Home > News > Hardfacing Chromium Carbide Overlay CCO Plate

Hardfacing Chromium Carbide Overlay CCO Plate

2020-09-11
Hardfacing is a cost-effective way to minimize wear and increase service life in industrial parts and equipment. At first glance, hardfacing can be confusing and troublesome, but it`s really not once you know the facts.

The following answers to frequently asked questions may help you understand the basics of the technology so you can select the hardfacing products that are most appropriate for your application.

1. What Is Hardfacing?
Metal parts often fail their intended use not because they fracture, but because they wear by abrasion, impact, or metal-to-metal contact, which causes them to lose dimension and functionality. Hardfacing, also known as hard surfacing, is the application of a buildup or wear-resistant weld metal onto a part`s surface by means of welding to extend the life of the part. The weld metal may be applied as a solid surface or in a pattern, such as a waffle, herringbone, or dot pattern.
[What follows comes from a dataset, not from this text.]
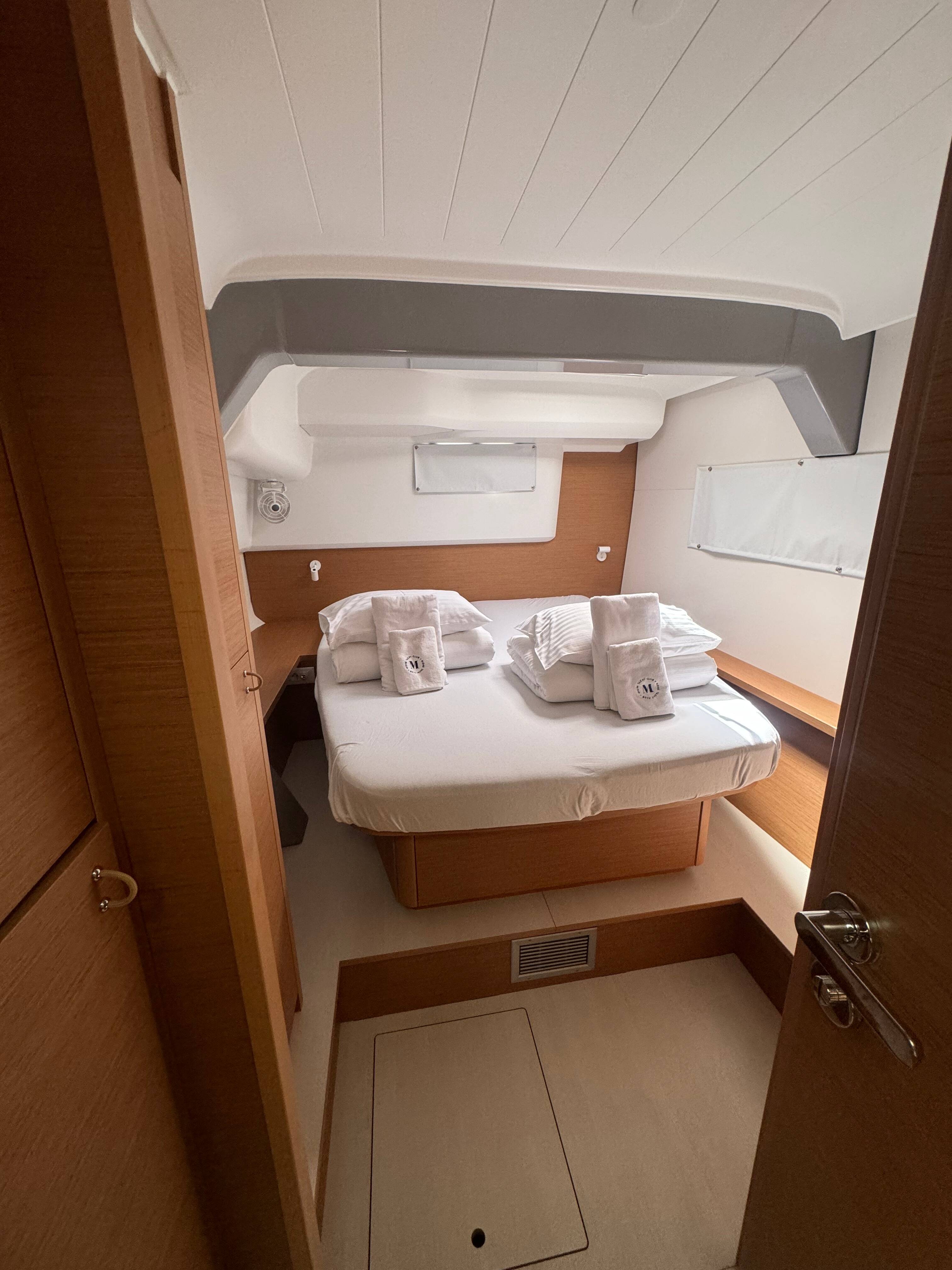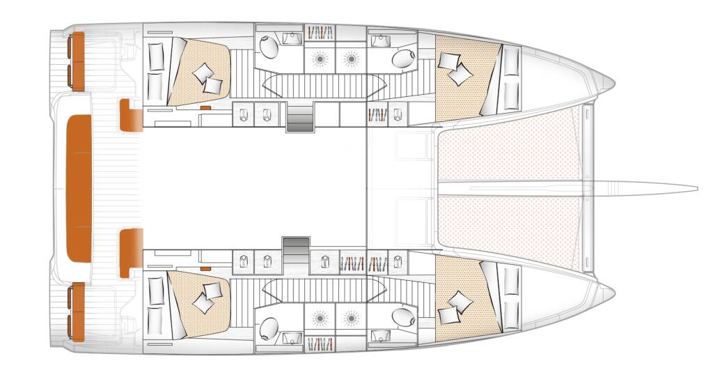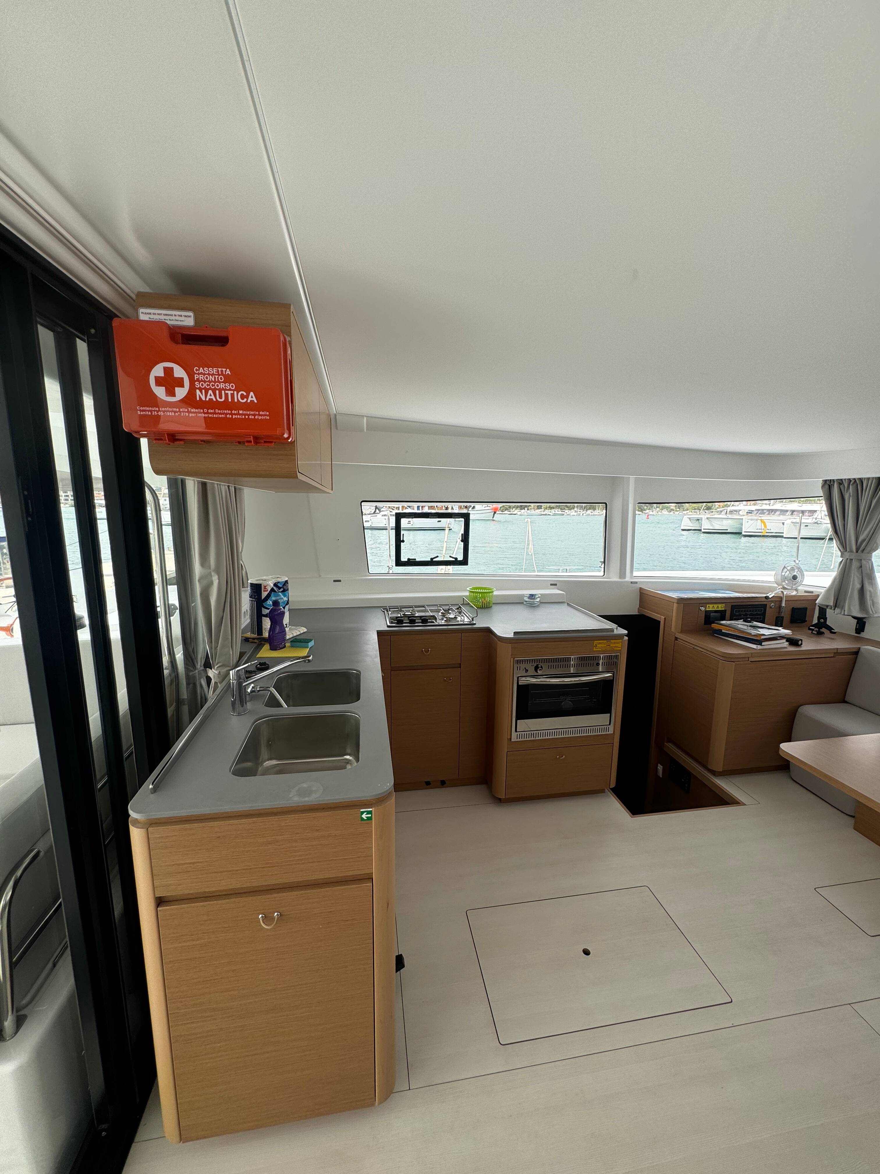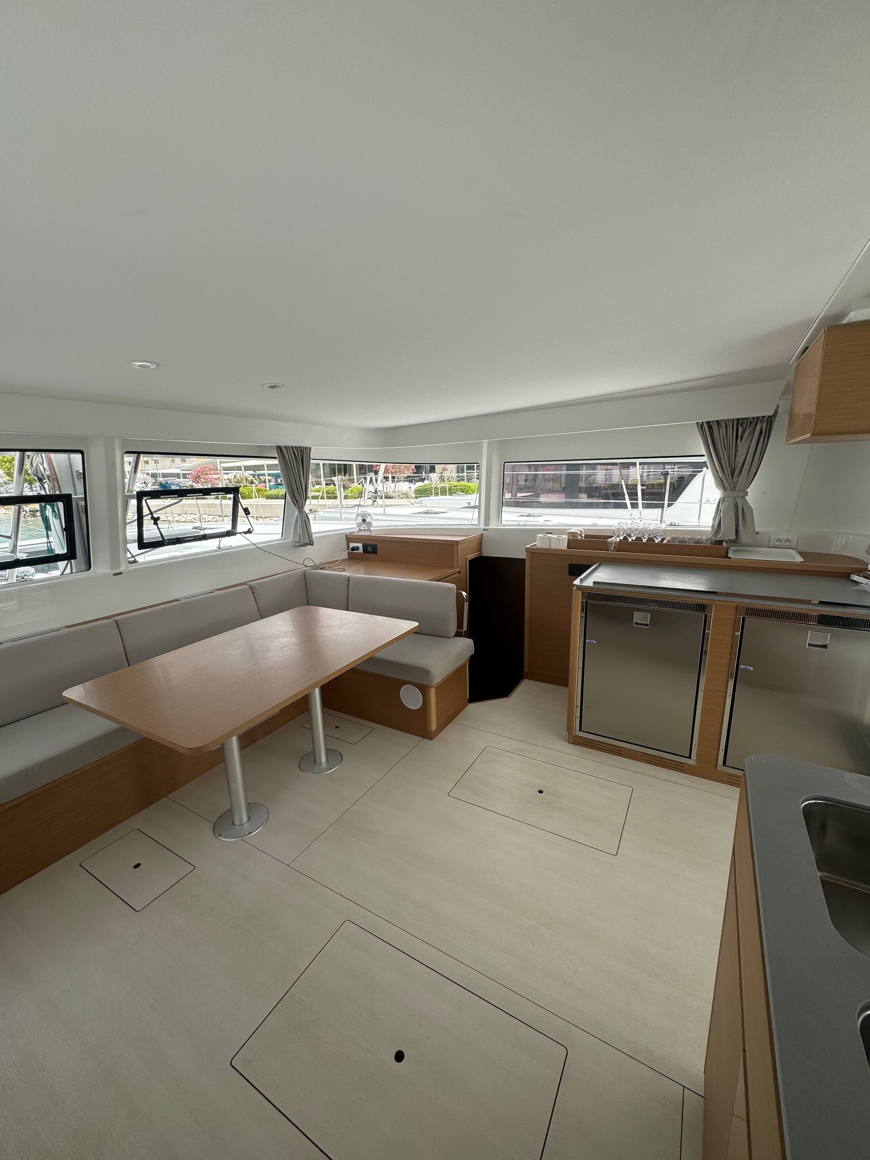 Katamaran Excess 14 Princess Rita, Baujahr 2024, liegt im Trogir, Yachtclub Seget (Marina Baotić), Split & Umgebung, Kroatien vor Anker. Es verfügt über 4 + 2 Kabinen und bietet Platz für 8 + 2 + 2 Personen mit 4 Toiletten.

Hardfacing is becoming increasingly important for many industries to protect equipment that is exposed to wear and abrasion. Extending the life of wear parts can save you thousands of dollars and improve productivity. Hardfacing can be used to recondition parts that have already been exposed to wear and have lost their useful life, or it can be used in the manufacture of new parts to improve their life before they are put into service. The three main types of hardfacing applications are:

Buildup or rebuilding.

Hardfacing or overlay.

Combination buildup and overlay.

2. What Base Metals Can Be Hardfaced?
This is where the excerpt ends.